Note: If you do not have sudo privileges, you can install Docker using the official script.

# Download the Docker installation script
curl -fsSL https://get.docker.com -o get-docker.sh

# Append --dry-run to see the commands that will be executed
sudo sh get-docker.sh

To test whether Docker is installed correctly, run the following command in your terminal:

# Check Docker version
docker --version

# Test with a simple hello-world container
docker run hello-world

If installed correctly, these commands will print the version of Docker installed on your system and fetch the image and run the hello-world container, which prints a message confirming that Docker is working.

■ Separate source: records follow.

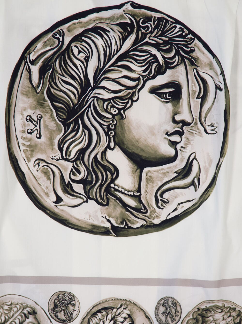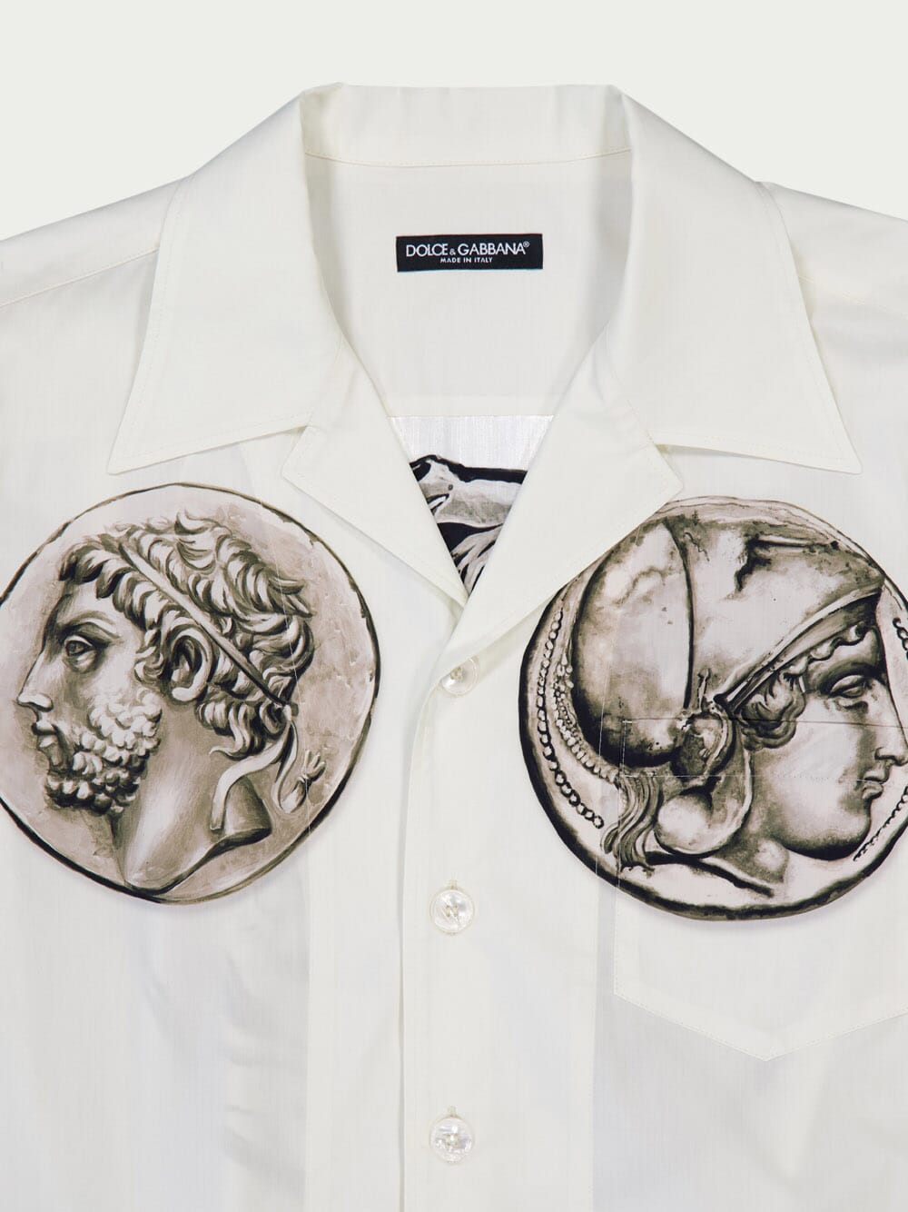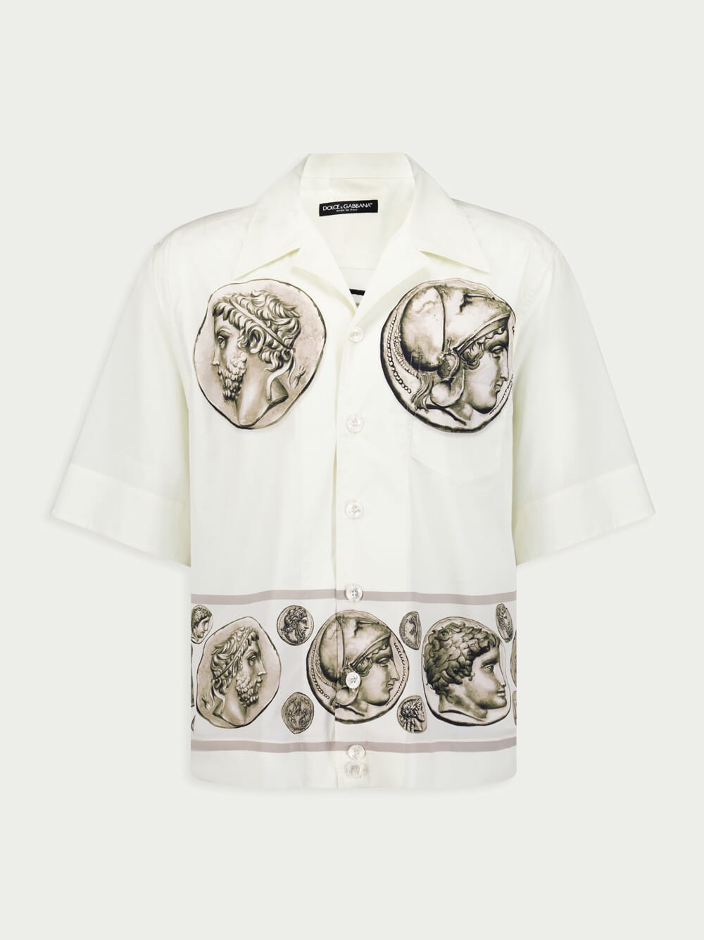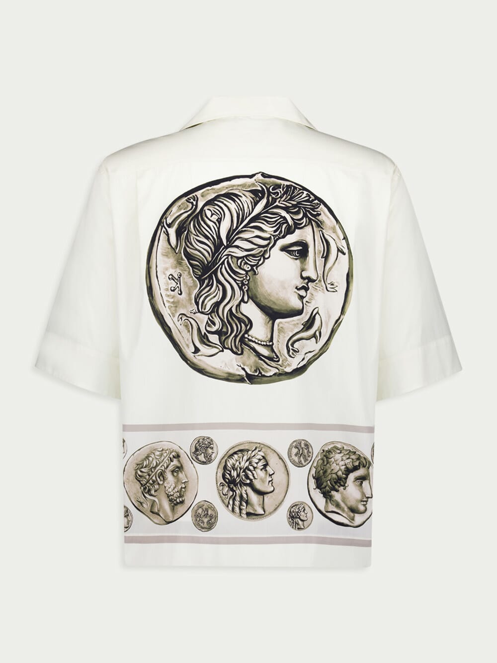 Coin-Print Cotton Shirt, boasting an eye-catching all-over graphic print. Embrace style and sophistication with a notched collar and convenient front button fastening, making it a versatile addition to your wardrobe. Perfect for warmer days, the short sleeves offer a relaxed and comfortable fit. Complete with a straight hem, this shirt exudes contemporary charm.
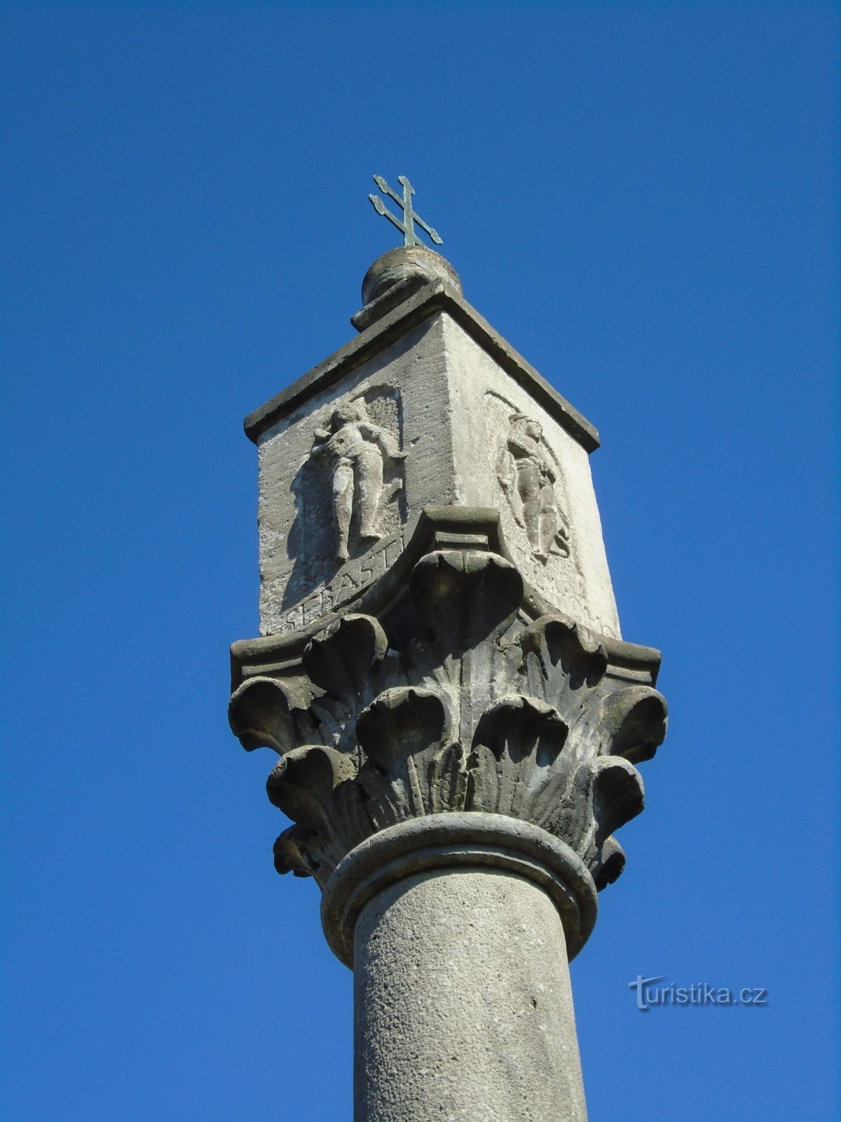 Tento objekt pochází z roku 1686 a vztyčen byl podle lidové tradice na památku osvobození Budína od Turků. Nachází se na rozcestí proti kasárnám v Palackého ulici. Na základovém stupni je sokl s reliéfy sv. Jana Křtitele, Jana Nepomuckého a sv. Floriána a nápis: „RE.A.1794|L. P. 1686|SLIB . MV|G . VICONA|WAM . V|ROKV . V KTEREM|KRZEST|ANE TVR|CVM . BVD|IN. BRAL|I . SNACL|ADEM|P . C . S|S . A . B …
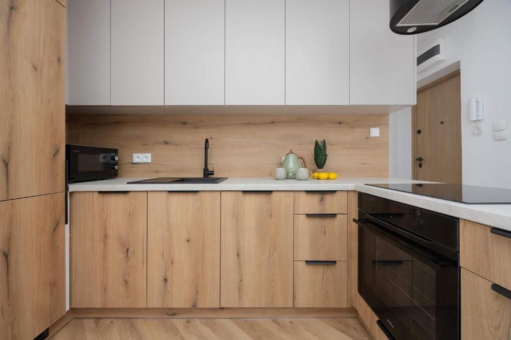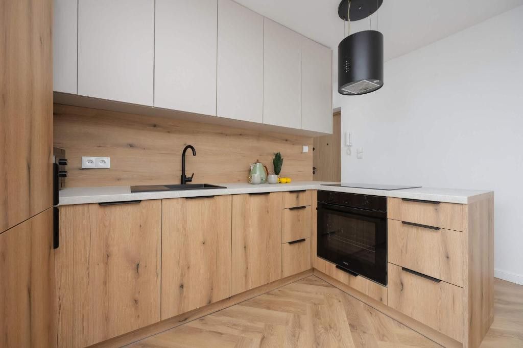 Zabudowy meblowe wykonano na wymiar przez stolarza, co pozwoliło maksymalnie wykorzystać przestrzeń. Mieszkanie jest w pełni wykończone, wyposażone w nowe sprzęty AGD na gwarancji.
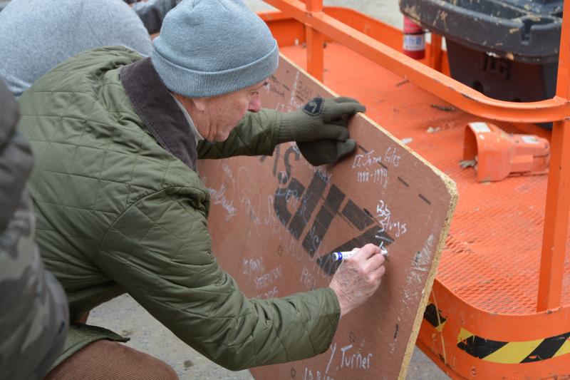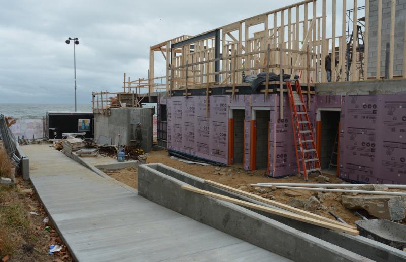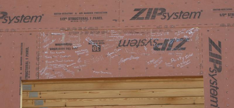 The building’s trusses have been in place for about a week. To celebrate, city officials, staff, current lifeguards and former lifeguards signed a piece of sheathing that was installed above a window facing Baltimore Avenue.
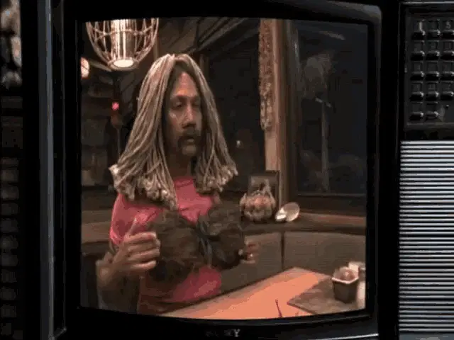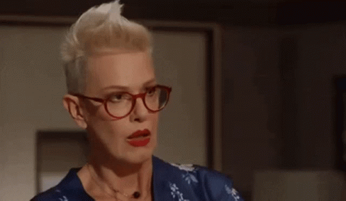 Tijana Dapcevic with short blonde hair, red lipstick, and red-framed glasses, wearing a blue patterned robe.
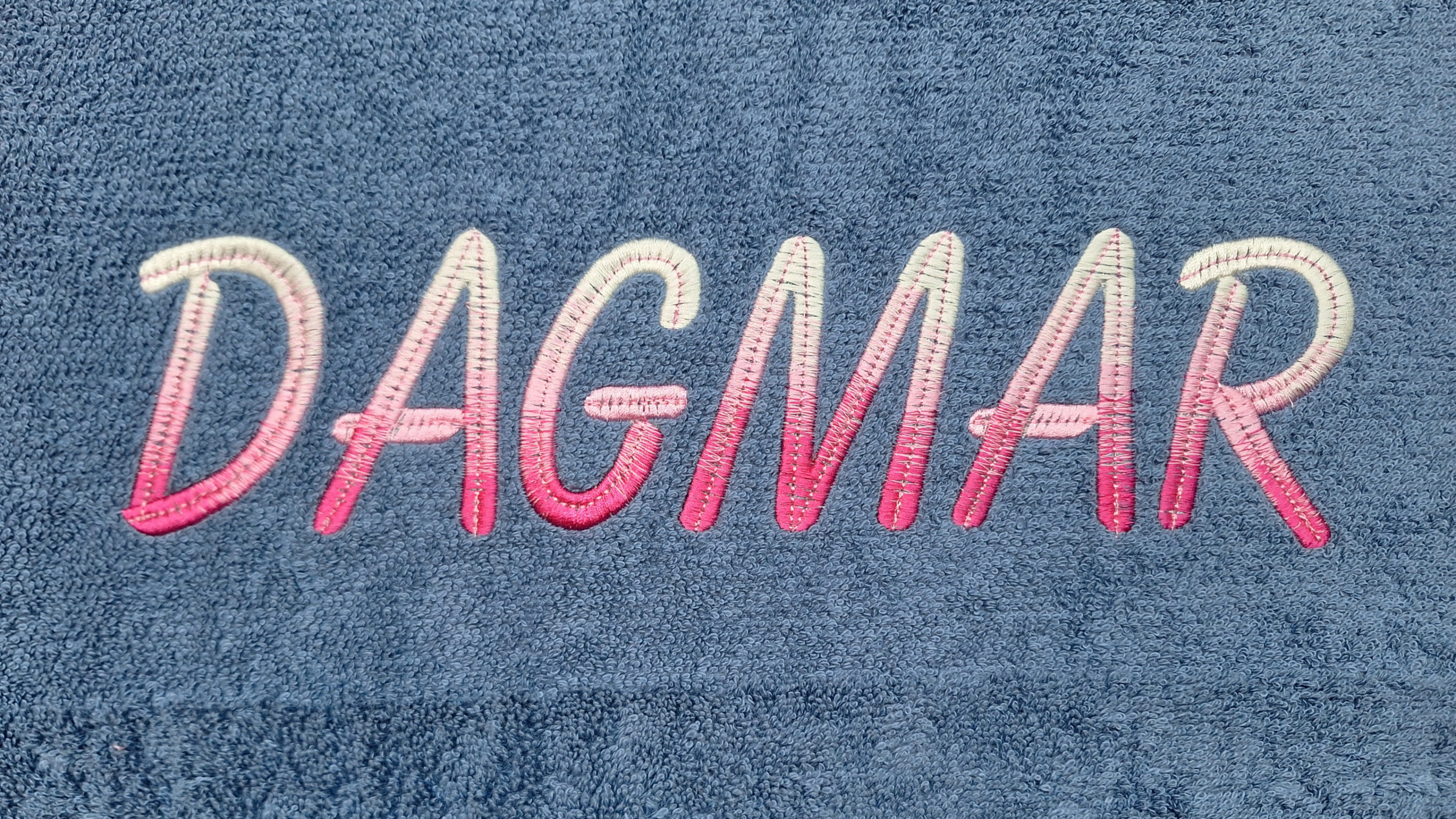 Anlässlich Weihnachten als Dankeschön für eine Kursleiterin im Auftrag der Gruppe ein Duschtuch mit Namen bestickt. Das Besondere an der Schrift ist der Farbverlauf aus 3 Farben in jedem Buchstaben. Da die Satinstiche sehr lang sind (beim M oben länger als 1 cm), habe ich zur Sicherung gegen Beschädigung " von Hand" eine mittige 3fach Naht auf jeden Buchstaben genäht; natürlich mit der Maschine genäht, aber frei geführt, nicht im Rahmen von der Maschine sticken lassen.
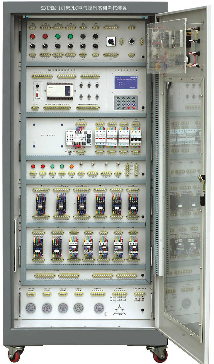 机床PLC电气控制实训考核装置、机床电气技能实训考核鉴定装置、机床电气实训设备主要功能简介:机床电气实训设备可以进行《机床排故》、《电力拖动课程》课程的实训项目,并且可作为全国职业院校技能大赛的训练场。实训室目前有硕博机床电气实训考核装置和硕博机床电气实训考核装置,两套装置电控柜正面装有车床与铣床的考核电路,反面装有磨床和钻床的考核电路,两面可同时进行实训。机床电气实训柜双面四合一型,包含:PLC模块、工业电气标准柜、控制与监控屏、机床电机系统、网络化智能考核软件系统、C6140型普通车床控制线路、C6502型普通车床控制线路、M7130K型平面磨床控制线路、M1432A型万能外圆磨床控制线路、X62W型万能铣床控制线路、T68型卧式镗床控制线路、Z3040B型摇臂钻床控制线路、M7120型平面磨床控制线路、智能考核系统,可广泛用于开设电力拖动课程及进行电工技能等级考核的学校或单位。电控柜的主体分为铣床电气线路、车床电气线路、故障设置区、电动机面板四个部分。通过一只转换开关就能实现两种机床电机切换的巧妙设计。机床PLC电气控制实训考核设备能完成铣床和车床的工作原理及动作,可以独立进行操作,学生可以在机床电气电路中进行电气故障的排除训练和演示,以达到熟悉各种故障现象。提高学生排除各种故障的动手能力。可以手动和电脑智能设置故障点两种方式选择,可实现智能实训考核功能。机床电气技能实训考核鉴定装置柜式双面四合一型,包含:PLC模块、工业电气标准柜、控制与监控屏、机床电机系统、网络化智能考核软件系统、C6140型普通车床控制线路、C6502型普通车床控制线路、M7130K型平面磨床控制线路、M1432A型万能外圆磨床控制线路、X62W型万能铣床控制线路、T68型卧式镗床控制线路、Z3040B型摇臂钻床控制线路、M7120型平面磨床控制线路、智能考核系统、电脑及电脑桌8个、胜利VC9808+数字万用表8个,每台套包含的实训设备,实训部件等。

Understanding Key Docker Concepts

Images vs Containers:

A Docker image is a static, read-only blueprint that includes the application and all its dependencies. A container is a live, running instance created from that image. Returning to our baking analogy: the image is your recipe and ingredients kit, while the container is the oven actively baking the cake. You can spin up multiple containers from the same image—just like baking several cakes from one recipe.
The importance of Volumes:

By default, docker containers are ephemeral i.e. once they stop any files written inside them are lost. To effectively manage input/output tasks between the host machine and the container and to persist data, we use volumes. We mount a local directory on the host machine to a directory inside the container using the -v (or the more flexible --mount) flag.

Running Bioinformatics Tools with Docker

We will use the popular tool samtools as an example to demonstrate how to run bioinformatics tools using Docker. samtools is a widely used tool for working with Sequence Alignment/Map (SAM) and Binary Alignment/Map (BAM) files.

Pull a Docker Image

Here, we will pull a Docker image for samtools from Docker Hub.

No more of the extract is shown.